It seems to me that people expect God to either be a magic genie who grants their every wish, or they expect Him to function as an emergency call service for crises. But what if He's more than that? What if He wants a relationship with us more than anything else? What if the bad things are just bad choices that others (or ourselves) have made, or something He uses to grow us up, so to speak. If God is our Heavenly Father, then He wants what is best for us, and His goal is to bring us to maturity - like an earthly father, only way better.
I once had a friend tell me that Hindus understand suffering far better than Christians. She said that Hindus accept suffering as part of life and use it as a platform for growth, whereas Christians just complain and can't understand why God didn't deliver them from this or that. I'd like to explore that thought more... I think she may be right (much to my shame, as I am a professing Christian).
Monday, January 25, 2010
How I Spent My Time
In case you've been wondering where I've been the last week, my internet connection was down. The first two days I nearly went ballistic, and after that I decided that no amount of frustration was going to change the situation so I may as well have some fun. I decided to do a mini-anthropological study on myself (if that's possible) to see how I spent my extra time. Here's what I did:
I've only been back online for a day now, and I'm actually thinking about limiting my computer time. We'll see how it goes...
- I read more
- I talked with my children more
- I drank my coffee on the couch instead of at the computer desk
- I took walks
- I noticed that red bishops always land on the highest, most visible branch of the tree outside my front window.

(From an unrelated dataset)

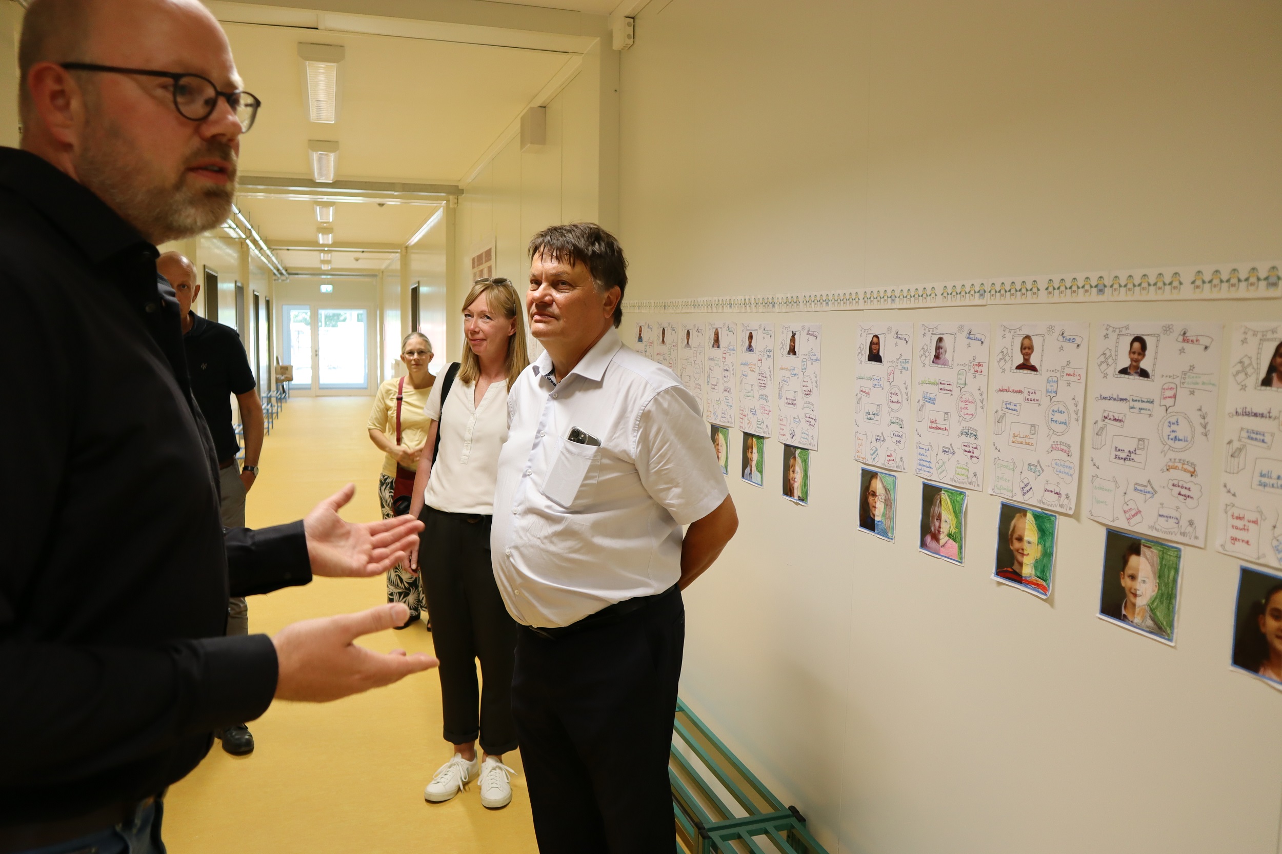 Vor einem der Klassenräume in der Schule (v.l.) Schulleiter Sebastian Gerber, Projektleiterinnen bei Immobilien Bremen Sabine Leskow-Mategka Christiane Berding, Finanzsenator Dietmar Strehl – sie unterhalten sich vor einem Klassenraum. Foto: Finanzressort

- I took time to be silent and to just think
I've only been back online for a day now, and I'm actually thinking about limiting my computer time. We'll see how it goes...
Monday, January 18, 2010
Revenge of the Street Hawkers
South Africans are a wonderful, hospitable and friendly people. Even the street hawkers are nice when you turn them down. You will understand, then, my bafflement (is that a word?) at the strange day I've had.
It all started when I was daydreaming at the robot (traffic light). I was thinking about sine and cosine graphs and how they sort of look like a dance between lovers, and that got me thinking about double helixes, and I was about to envision the Dance of the Double Helix when a face appeared against my window.
When I say "against my window" I mean that quite literally. The nose-print is still there from a street hawker who was selling pumice stones. I was slightly miffed that he interrupted my trigonometry tango, but on the other hand, he's just trying to make a living. I smiled and politely told him I didn't need a pumice stone. Then he got really angry at me, called me some choice words and ended with "*bleep* *bleep* *bleep* racist!" (So... I'm a racist because I don't want a pumice stone?)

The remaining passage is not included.